When an instance of Thread is created (via a new operation), it does not start executing right away; instead, it can only start executing when its start() method is invoked. The statement or computation to be executed by the thread is specified as a parameter to the constructor.

The Thread class also includes a wait operation in the form of a join() method. If thread t0 performs a t1.join() call, thread t0 will be forced to wait until thread t1 completes, after which point it can safely access any values computed by thread t1. Since there is no restriction on which thread can perform a join on which other thread, it is possible for a programmer to erroneously create a deadlock cycle with join operations. (A deadlock occurs when two threads wait for each other indefinitely, so that neither can make any progress.)

Structured Locks

Structured locks could be used to enforce mutual exclusion to avoid data races. A major benefit of structured locks is that their acquire and release operations are implicit, since these operations are automatically performed by the Java runtime environment when entering and exiting the scope of a synchronized statement or method, even if an exception is thrown in the middle.

We also learned about wait() and notify() operations that can be used to block and resume threads that need to wait for specific conditions. For example, a producer thread performing an insert() operation on a bounded buffer can call wait() when the buffer is full, so that it is only unblocked when a consumer thread performing a remove() operation calls notify(). Likewise, a consumer thread performing a remove() operation on a bounded buffer can call wait() when the buffer is empty, so that it is only unblocked when a producer thread performing an insert() operation calls notify(). Structured locks are also referred to as intrinsic locks or monitors.

Unstructured Locks

In this lecture, we introduced unstructured locks (which can be obtained in Java by creating instances of ReentrantLock(), and used three examples to demonstrate their generality relative to structured locks. The first example showed how explicit lock() and unlock() operations on unstructured locks can be used to support a hand-over-hand locking pattern that implements a non-nested pairing of lock/unlock operations which cannot be achieved with synchronized statements/methods. The second example showed how the tryLock() operations in unstructured locks can enable a thread to check the availability of a lock, and thereby acquire it if it is available or do something else if it is not. The third example illustrated the value of read-write locks (which can be obtained in Java by creating instances of ReentrantReadWriteLock(), whereby multiple threads are permitted to acquire a lock L in "read mode", L.readLock().lock(), but only one thread is permitted to acquire the lock in "write mode", L.writeLock().lock().

However, it is also important to remember that the generality and power of unstructured locks is accompanied by an extra responsibility on the part of the programmer, e.g., ensuring that calls to unlock() are not forgotten, even in the presence of exceptions.

Liveness and Progress Guarantees

There are three ways in which a parallel program may enter a state in which it stops making forward progress. For sequential programs, an infinite loop is a common way for a program to stop making forward progress, but there are other ways to obtain an absence of progress in a parallel program. The first is deadlock, in which all threads are blocked indefinitely, thereby preventing any forward progress. The second is livelock, in which all threads repeatedly perform an interaction that prevents forward progress, e.g., an infinite "loop" of repeating lock acquire/release patterns. The third is starvation, in which at least one thread is prevented from making any forward progress.

Dining Philosophers Problem

In this lecture, we studied a classical concurrent programming example that is referred to as the Dining Philosophers Problem. In this problem, there are five threads, each of which models a "philosopher" that repeatedly performs a sequence of actions which include think, pick up chopsticks, eat, and put down chopsticks.

First, we examined a solution to this problem using structured locks, and demonstrated how this solution could lead to a deadlock scenario (but not livelock). Second, we examined a solution using unstructured locks with tryLock() and unlock() operations that never block, and demonstrated how this solution could lead to a livelock scenario (but not deadlock).
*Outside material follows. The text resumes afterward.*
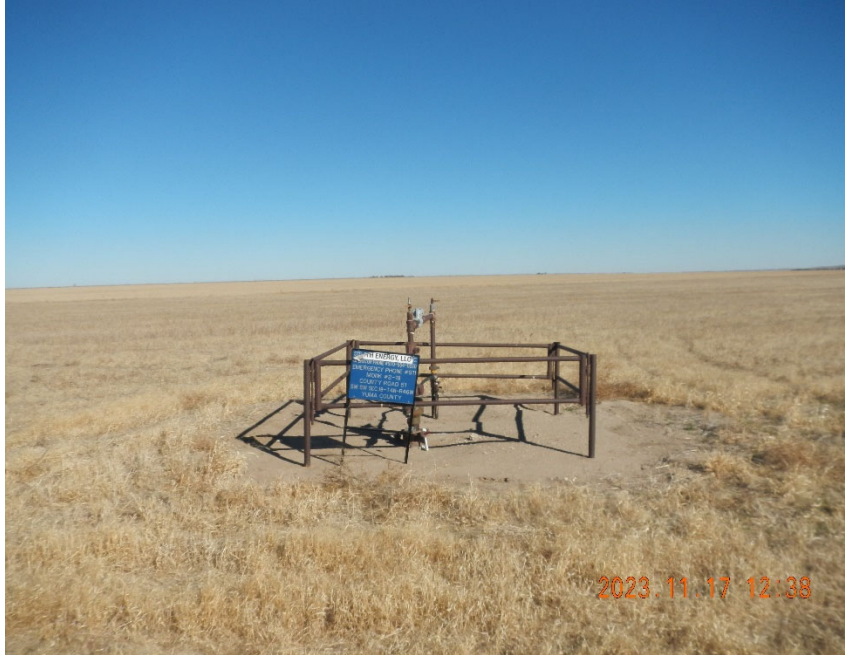
3. Well location overview.

Finally, we observed how a simple modification to the first solution with structured locks, in which one philosopher picks up their right chopstick and their left, while the others pick up their left chopstick first and then their right, can guarantee an absence of deadlock.

Week 2

Critical Selections

In this lecture, we learned how critical sections and the isolated construct can help concurrent threads manage their accesses to shared resources, at a higher level than just using locks. When programming with threads, it is well known that the following situation is defined to be a data race error — when two accesses on the same shared location can potentially execute in parallel, with least one access being a write. However, there are many cases in practice when two tasks may legitimately need to perform concurrent accesses to shared locations, as in the bank transfer example.
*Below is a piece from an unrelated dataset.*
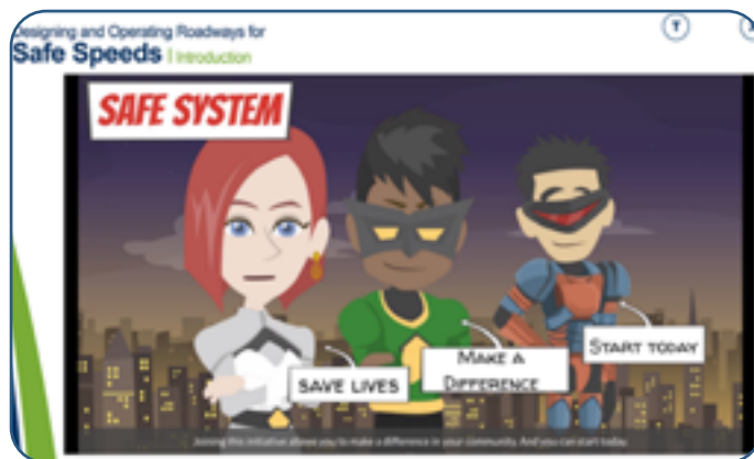
A screen capture from the self-paced Designing and Operating Roadways for Safe Speeds course.

The " Designing and Operating Roadways for Safe Speeds " online course delivers free, self-paced training that provides learners with the knowledge and skills they need to design safe roads effectively, set safe speeds, and select treatments that mitigate crash severity. Participants will learn how incorporating innovative design concepts and new approaches to setting speeds—such as self-enforcing roadways, target speed, and injury minimization—can reduce the likelihood of fatal and serious injury crashes for all roadway users. To register, or to learn more, visit the National Highway Institute (course number: FHWA-NHI-380128).

With critical sections, two blocks of code that are marked as isolated, say A and B, are guaranteed to be executed in mutual exclusion with A executing before B or vice versa. With the use of isolated constructs, it is impossible for the bank transfer example to end up in an inconsistent state because all the reads and writes for one isolated section must complete before the start of another isolated construct. Thus, the parallel program will see the effect of one isolated section completely before another isolated section can start.

Object-based Isolation

An example of two-way linked list was used to illustrate the concept of Object-based isolation, which generalizes the isolated construct and relates to the classical concept of monitors. Consider deleting nodes B, C, and E on three parallel threads:

A ⇄ B ⇄ C ⇄ D ⇄ E ⇄ F

In this case, we don't have to isolate all three threads, since the threads deleting node B and E are not having any data races with each other. We only need to block deleting threads of B and C, or C and E.
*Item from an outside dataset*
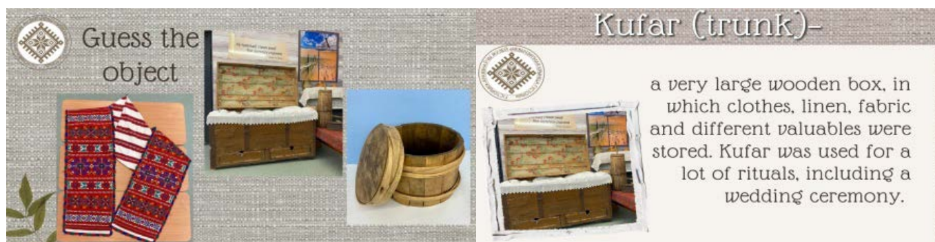
Fig. 2. The interactive visual game «Guess the Object»

In order to prove the hypothesis of our research the experiment has been conducted. The students of the 9th and 11th forms were given the essay topic «Promoting Belarusian traditions and crafts among young people» and asked to analyse visual texts working with the handout «Traditional Belarus» based on the results of our research. The experiment group was also asked to play the visual game «Guess the object» to develop their critical thinking skills, and evoke interest in the topic. The game «Guess the object» consists of 18 slides and includes 7 historical objects of the Belarusian History and Local History Museum located in Gymnasium № 25 named after Rimma Shershneva (fig. 2).

The fundamental idea behind object-based isolation is that an isolated construct can be extended with a set of objects that indicate the scope of isolation, by using the following rules: if two isolated constructs have an empty intersection in their object sets they can execute in parallel, otherwise they must execute in mutual exclusion. We observed that implementing this capability can be very challenging with locks because a correct implementation must enforce the correct levels of mutual exclusion without entering into deadlock or livelock states. The linked-list example showed how the object set for a delete() method can be defined as consisting of three objects — the current, previous, and next objects in the list, and that this object set is sufficient to safely enable parallelism across multiple calls to delete().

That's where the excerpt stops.